3. TDD can be used with a variety of programming languages and frameworks, and it is often used in agile development methodologies. It can also be used in combination with other testing techniques, such as behavior-driven development (BDD) and acceptance test-driven development (ATDD).
4. TDD can result in improved code quality, as developers are forced to think more deeply about the design of their code and the potential edge cases that their code may encounter. TDD can also result in faster development times, as bugs are caught early in the development process and can be fixed before they cause more significant issues.
5. TDD is not a silver bullet solution for software development and may not be suitable for all projects or teams. It can require additional time and effort upfront to write tests and ensure that they are passing, and it may require a cultural shift in the development team to fully adopt the TDD methodology.

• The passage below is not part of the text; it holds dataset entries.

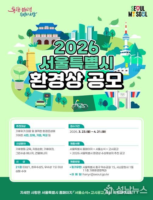 '2026년 서울특별시 환경상'은 기후행동·교육, 자원순환, 기후테크, 그린수송·에너지, 건물에너지 총 5개 분야에서 대상 1명, 최우수상 5명, 우수상 15명 등 총 21명(시민, 단체, 기업)을 선정해 시상할 계획이다.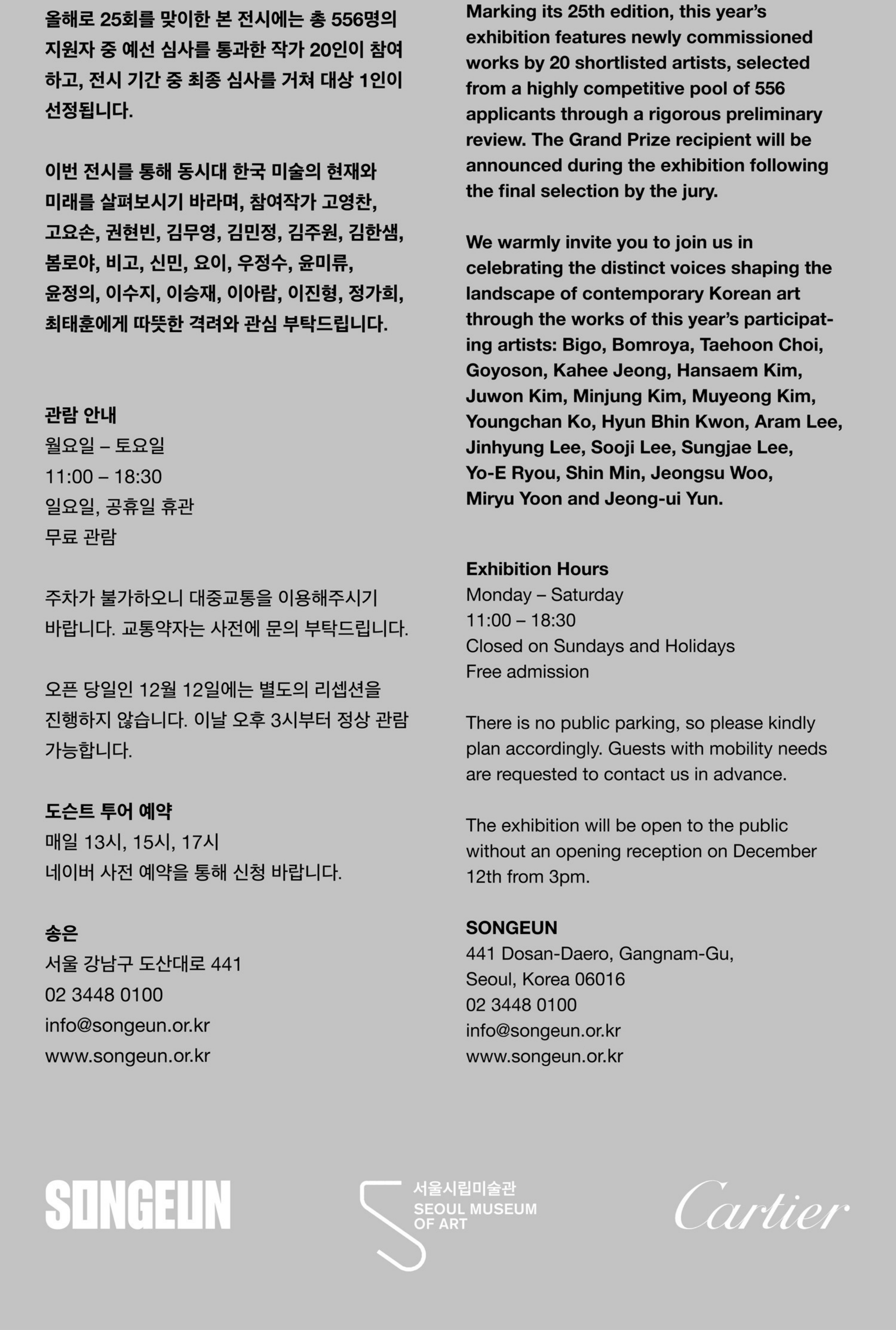 [SONGEUN] 《제25회 송은미술대상전》 초청장 (2025. 12. 12 - 2026. 2. 14)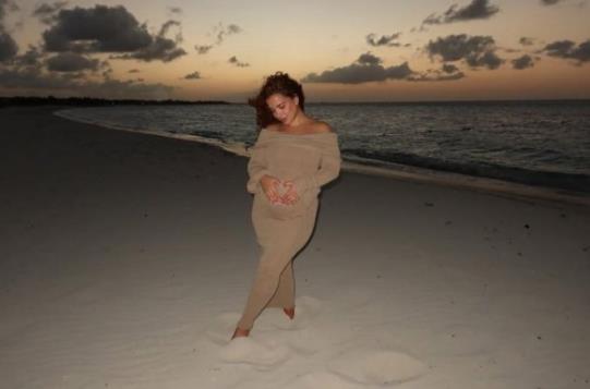 如今李凱爾通過社媒,曬出自己妻子Crystal在海邊的照片,Crystal手捧著大肚子比心,自然是正式官宣他們懷有二胎。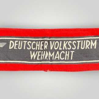 This is an original Deutscher Volkssturm Wehrmacht armband made of screen-printed cotton. It features a central black band with white lettering and Wehrmacht Eagles, bordered by two white lines and red edges. Civilians wore this armband when fighting with the military from October 1944 to the end of the war in 1945. The armband has no damage or repairs in good condition.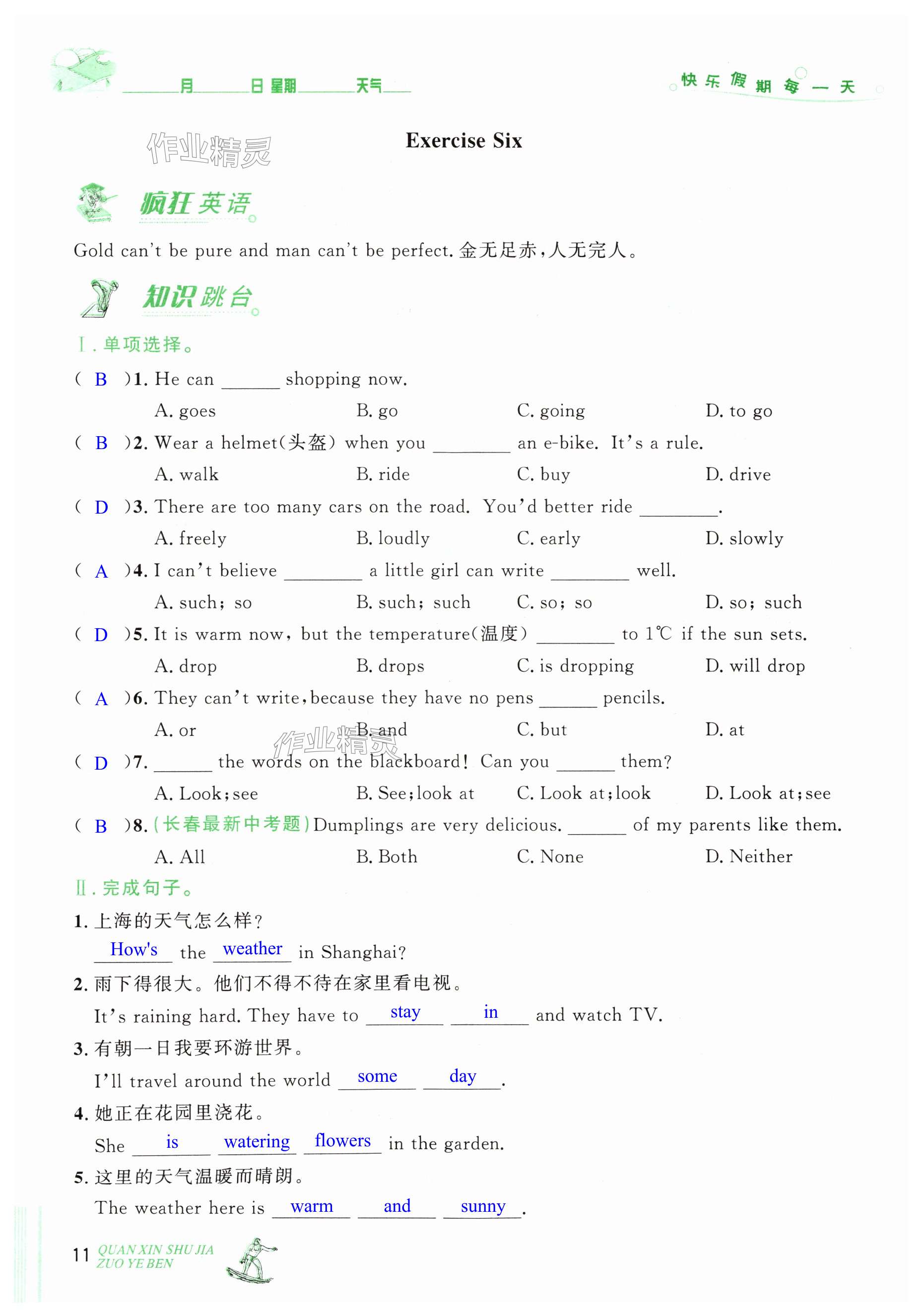 注:目前有些书本章节名称可能整理的还不是很完善,但都是按照顺序排列的,请同学们按照顺序仔细查找。练习册 2025年优秀生快乐假期每一天全新暑假作业本七年级英语人教版 答案主要是用来给同学们做完题方便对答案用的,请勿直接抄袭。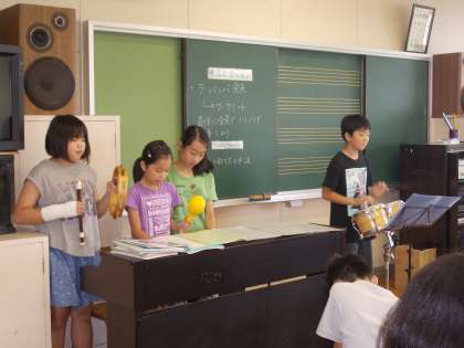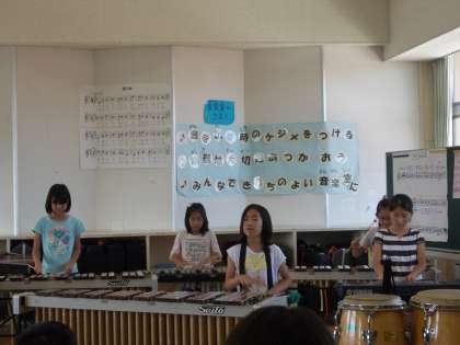音楽の授業で、「ル・バンバ」の曲をグループごとにアレンジして発表するという授業を行いました。グループごとに練習を一生懸命行い発表した後は、それぞれの良かったところを伝え合いました。音楽のすばらしさを改めて感じさせられる授業でした。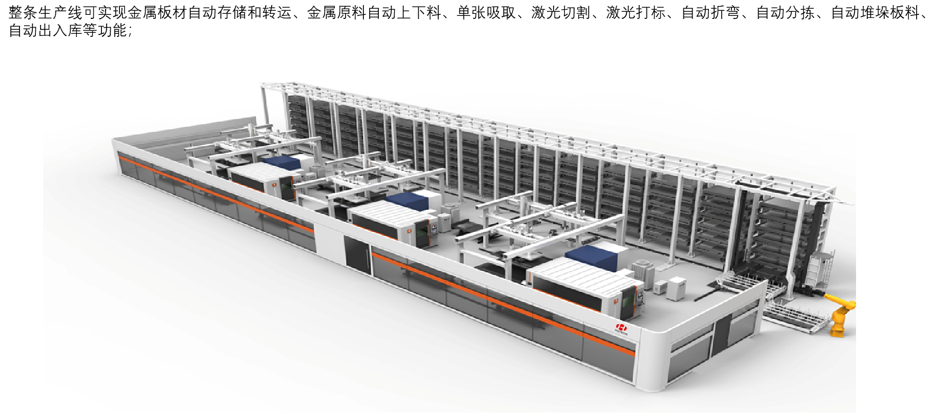 通過RGV、搬運機器人和桁架機械手實現(xiàn)立庫物料與鈑金加工工序的無縫自動化對接,實現(xiàn)小批量、多品種產(chǎn)品柔性化定制,高品質(zhì)快速交付,釋放人力成本。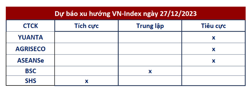 Kết thúc phiên giao dịch ngày 26/12/2023, VNINDEX đóng cửa tăng +4,59 điểm lên mốc 1122,25 điêm với giá trị giao dịch đạt 14.738,59 tỷ. Khối lượng giao dịch dưới mức trung bình 10 phiên và nhỉnh hơn so với phiên giao dịch ngày hôm qua.

With TDD, can I first write code that fails, then write a test and finally refactor the code to make the test pass?

Note: I've seen this as also being referred to as Chain Prompting.

Takeways

The following prompt engineering techniques are proven by studies to improve the output quality of Large Language Models:

All in all, while I haven't found a practical use case for ChatGPT in my day to day developer activity, it still seems worth exploring its potential for generating content. The quest continues.